A me hanno insegnato e così ci ho viaggiato, e non sai quante volte sono stato bambino e poi vecchio e poi morto; e sono stato bambini quando ero stato già grande e poi ho visto la terra dallo spazio, e ho visto il vuoto più nero e la solitudine più immensa, dall’oblò.
Sono stato morto e poi ho vissuto sapendo già quello che mi sarei perso. Dal cappello a cilindro ho tirato fuori favole e assurdità, ma non ero io: erano tutti quei mondi, e tutte quelle vite, e tutte quelle stelle, dall’oblò.

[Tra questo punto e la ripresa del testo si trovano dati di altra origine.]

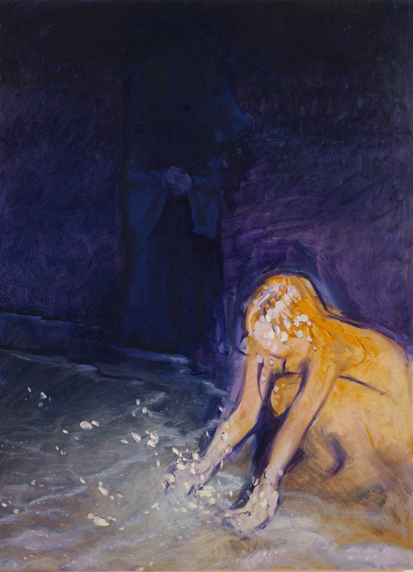 All’interno di questo orizzonte condiviso, i quattro artisti si muovono secondo linguaggi distinti ma comunicanti. Francesca Filicaia lavora su soggetti intimi e silenziosi (volti, oggetti, figure isolate) che emergono lentamente dal fondo, mantenendo l’immagine in uno stato di attesa sospesa. Gemma Mazzotti trasforma il paesaggio in campo percettivo, costruito attraverso un equilibrio mobile tra disegno e colore, trasparenze e opacità. Nikko Mundacruzrestituisce presenze fragili e atmosferiche, segnate da una tensione costante tra vicinanza e distanza, in cui l’immagine diventa campo emotivo. Marila Scartozzi, infine, attraversa la pittura con un rapporto conflittuale con il reale: le sue figure affiorano da stratificazioni instabili, sospese tra emersione e dissoluzione.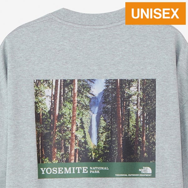 ハーフドームやトンネルビューなど、ヨセミテ国立公園の特徴的な風景のグラフィックを背面に配置。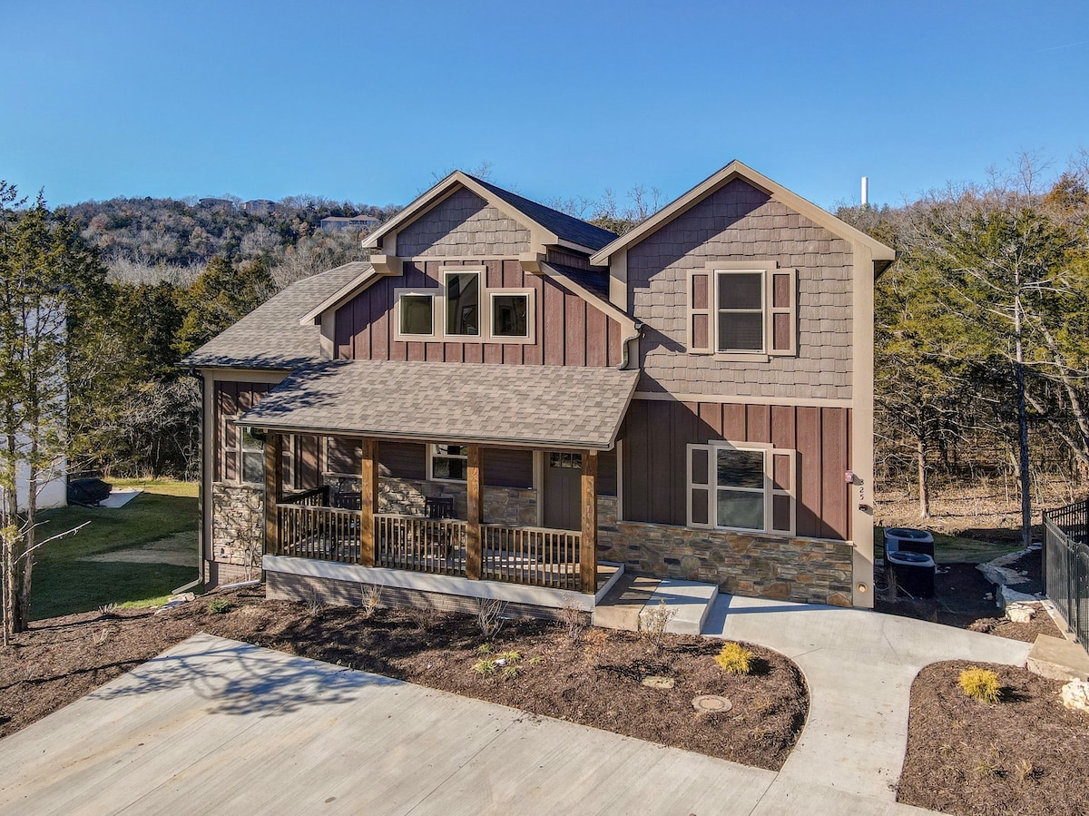 オザークの中心部でリラックスしましょう。 テイニーコモ湖とテーブルロック湖まで数分です。 森の中にありながら、ブランソンのあらゆるスポットに近いです! シルバーダラーシティとブランソンランディングまで車ですぐです。 私たちのロッジは、休暇にぴったりの場所です。 快適なキングサイズベッド2台とクイーンサイズのソファスリーパーがあり、お友達やご家族とのリラックスに最適な場所です。 キッチンには、1泊または1週間に必要な鍋、フライパン、食器がすべて揃っています。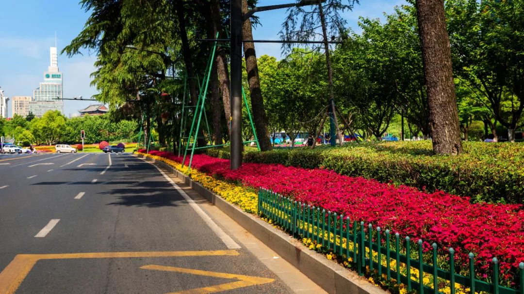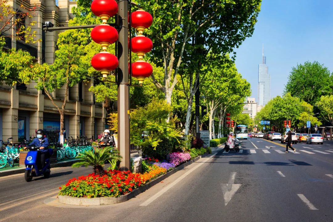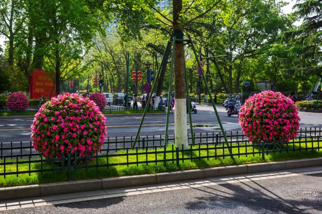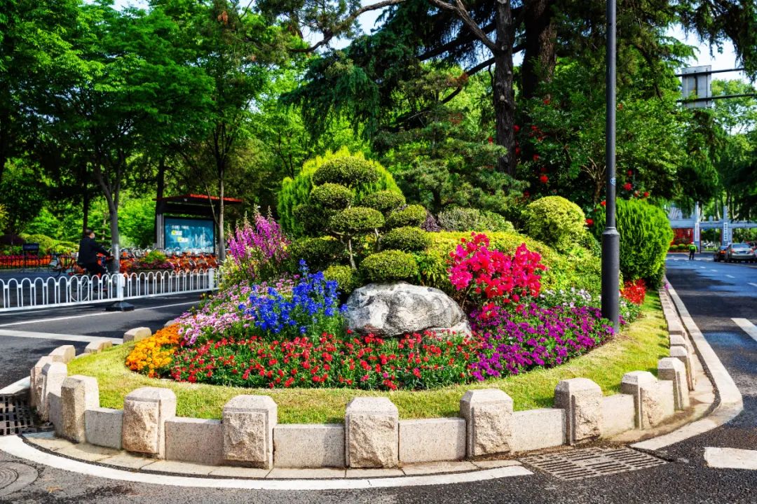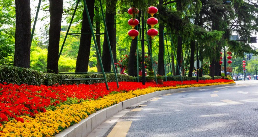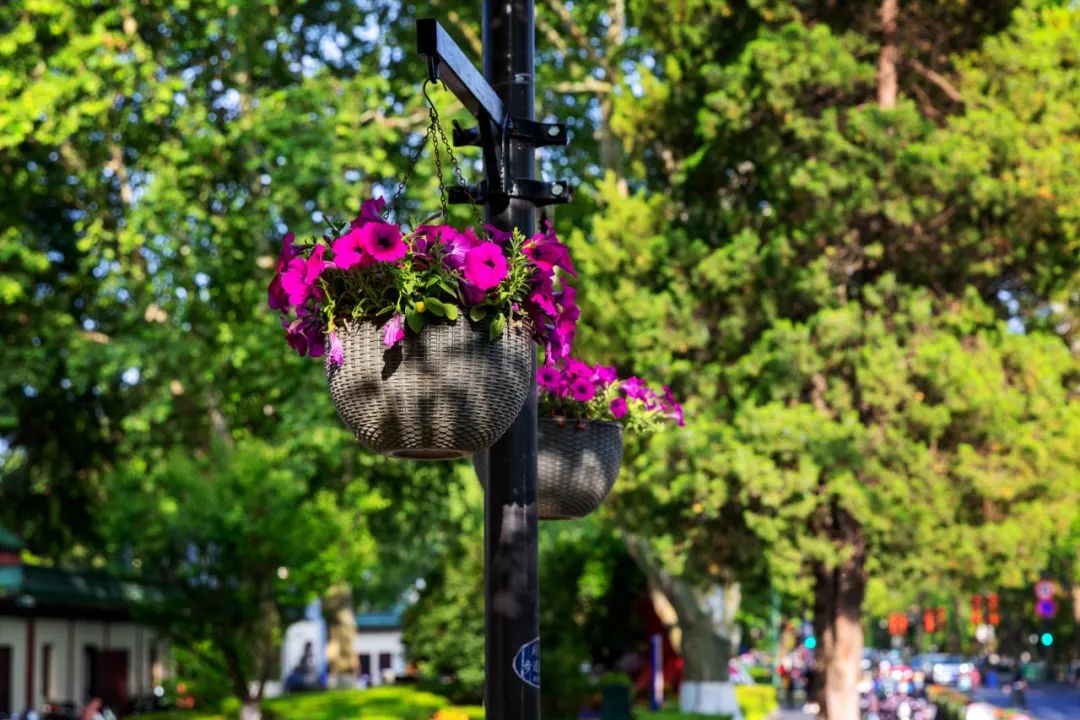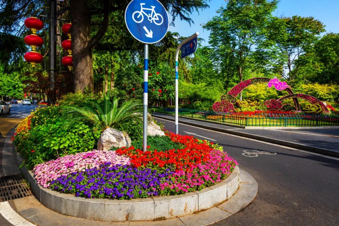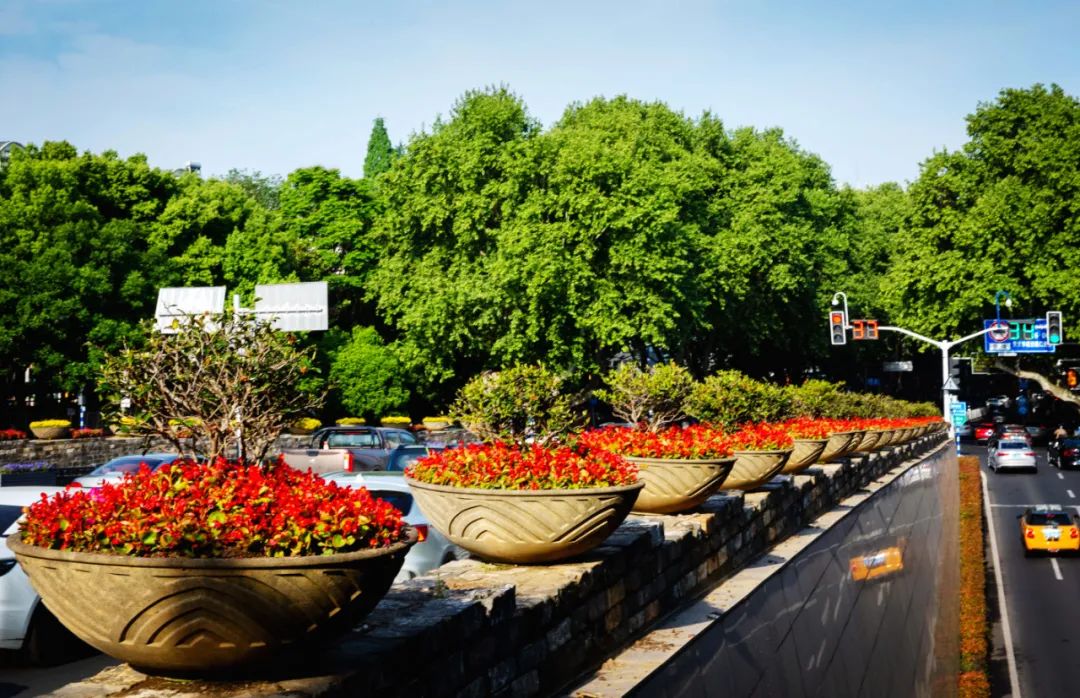 對市府門前路、長江路、九華山站、荔枝廣場、中山門城墻等重要節點容器花箱、花球、燈桿掛花及新街口東北角綠地進行花卉布置,選用朱蕉、羽扇豆、毛地黃、天竺葵、桑貝斯鳳仙、金雀、澳洲朱蕉、變葉木、四季海棠、鼠尾草、歐石竹、垂掛牽牛等花卉,以色彩鮮明、層次豐富的設計感,裝扮城市街角,營造濃厚的節日氣氛。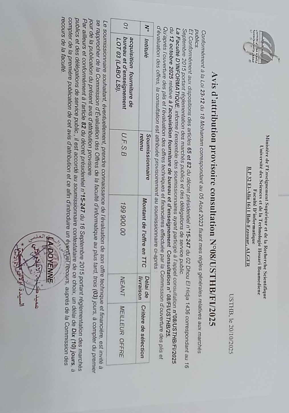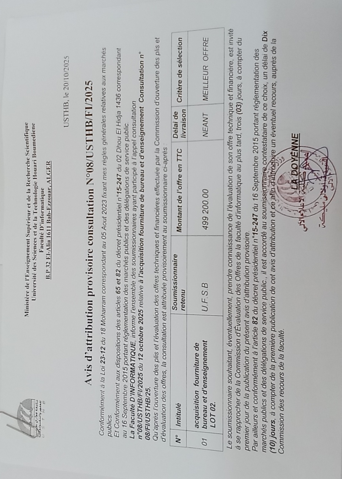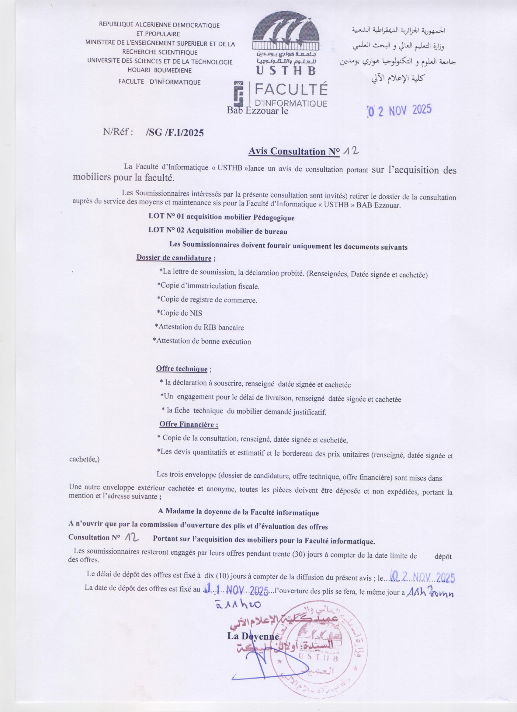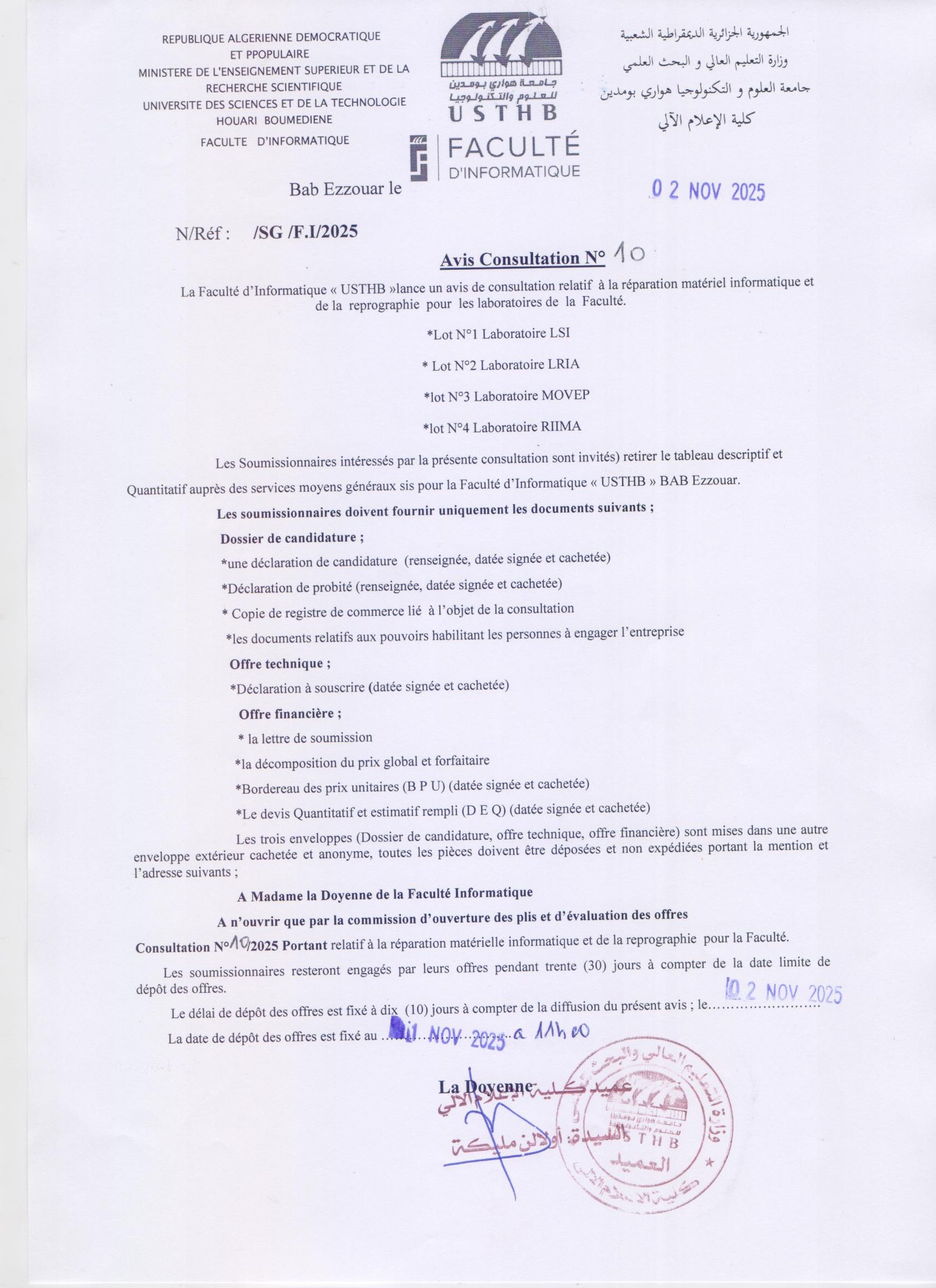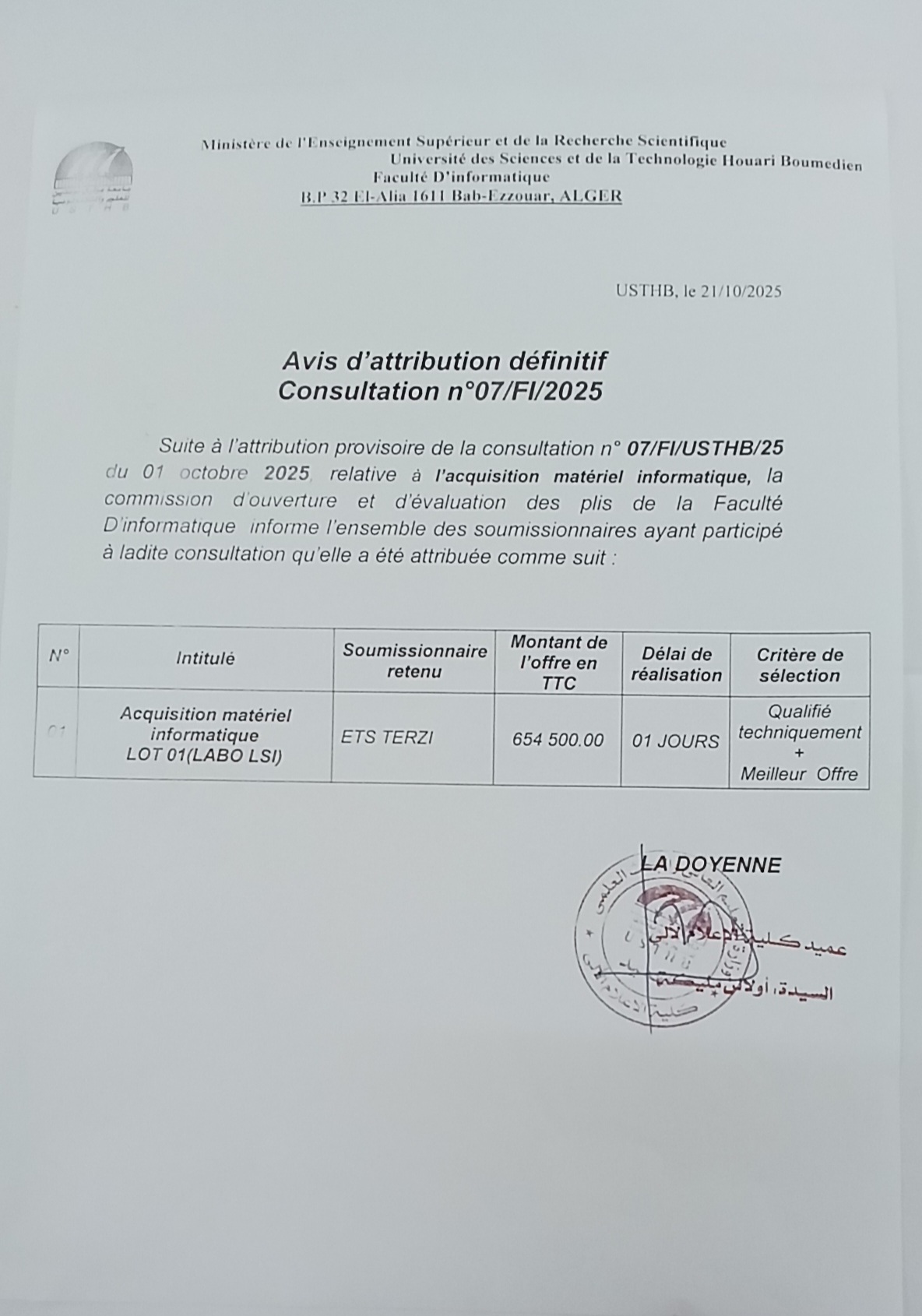 - CONSULTATION RESTREINTE N° 1/2025 : La faculté d’Informatique (USTHB) lance une consultation restreinte pour l’Acquisition matérielle informatique pour la Faculté. Les soumissionnaires intéressés par la présente consultation, Cliquez ici.

Sono morto il 2 giugno del 1981.
Mi chiamo Rino.
Senza titolo di Mucio
Prima di finire a fare il giudice delle sfide di scrittura ai bar di Pastena, disciplina olimpica dal 1972 Giochi di Torrione Alto, la mia vita è stata piena di accadimenti, fatti tragici ed altri meno. Tutto possiamo dire che cominci nel 1969 quando il primo uomo mise piede sulla luna, l’inizio di un’epoca di sogni e di speranza per l’umanità. Quando nacqui l’eco di tale evento non si era ancora placato e i miei primi anni furono all’insegna delle letture di romanzi d’avventura, maldestri tentativi di colare e album da disegno riempiti di paesaggi lunari, marziani e disegni della terra vista dallo spazio. Durante gli anni del liceo conobbi alcuni di quelli che ancora oggi mi accompagnano, amici e fratelli allo stesso tempo. Prima di cominciare l’università decisi che volevo vedere il mondo, cominciai visitando parenti di altri continenti, conoscendo durante i viaggi altre persone, che poi andai a trovare, Caracas, Bangkok, il Qatar, la Nuova Zelanda, Maratea. Ho lavorato nel cinema, ho investito energie e tempo nella ristorazione e ho regalato sorrisi a chi ha avuto poco e niente dalla vita, come i francesi. E oggi sono qui a Pastena a giudicare deficienti che si cimentano in sfide di scrittura, non posso che guardarmi indietro e pensare che questa vita è proprio come l’avrei voluta.
Se solo in questo bar ci fosse della musica migliore.